→ Your assignment
Nothing but the lines below from the first through the one with "2周后,2017年欧洲心脏病" should appear, printed exactly; please leave pictures out.
(Raw data)
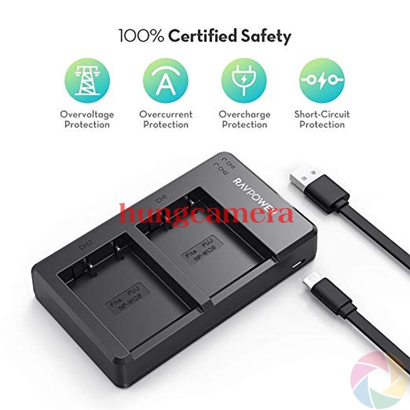 Bộ Pin Sạc đôi cho Fujifilm NP-W126S RAVPower RP-BC023 Chính hãngSản phẩm thương hiệu RAVPower (Mỹ)
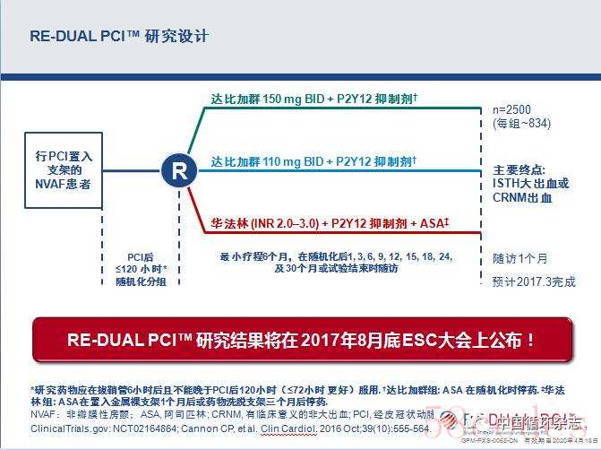 2周后,2017年欧洲心脏病学会(ESC)年会就要召开了,会上将要公布一项万众瞩目的研究:RE-DUALPCI™,该研究的目的是,对于房颤患者,在冠状动脉介入治疗(PCI)术后比较达比加群联合P2Y12抑制剂双抗,是否优于华法林联合双联抗血小板治疗?
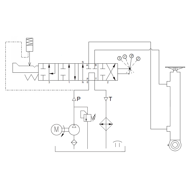 Zaprojektowany specjalnie do łuparek do drewna. Na suwak w jedną stronę działa sprężyna, a w drugą jest zatrzask z odskokiem. W trakcie łupania, ze względów bezpieczeństwa, rozdzielacz wymaga przytrzymania dźwigni, natomiast powrót tłoczyska jest na zatrzasku, który sam odskakuje gdy siłownik schowa się do końca i wróci do pozycji startowej. Rozwiązanie to pozwala na zmianę pnia i sprzątnięcie łupin podczas ruchu powrotnego tłoka. Dodatkowo, po powrocie tłoczyska, zatrzask sam odskakuje i odciąża pompę, dzięki temu układ hydrauliczny się nie grzeje. W pozycji neutralnej olej swobodnie przepływa przez rozdzielacz i idzie na kanał powrotny do zbiornika. Rozdzielacz posiada dodatkowo dwie prędkości wysuwu tłoczyska, które wysuwa się szybciej w drodze do pnia, natomiast po dotarciu zwalnia i nabiera mocy nacisku. Rozwiązanie to przyspiesza cykl łupania zwiększając wydajność łuparki oraz eliminuje efekt uderzenia elementu łupiącego w pień, zjawisko to stwarza wiele problemów podczas pracy z łuparką. |
(End Raw data)
→ Exercise answer
 Bộ Pin Sạc đôi cho Fujifilm NP-W126S RAVPower RP-BC023 Chính hãngSản phẩm thương hiệu RAVPower (Mỹ)
 2周后,2017年欧洲心脏病学会(ESC)年会就要召开了,会上将要公布一项万众瞩目的研究:RE-DUALPCI™,该研究的目的是,对于房颤患者,在冠状动脉介入治疗(PCI)术后比较达比加群联合P2Y12抑制剂双抗,是否优于华法林联合双联抗血小板治疗?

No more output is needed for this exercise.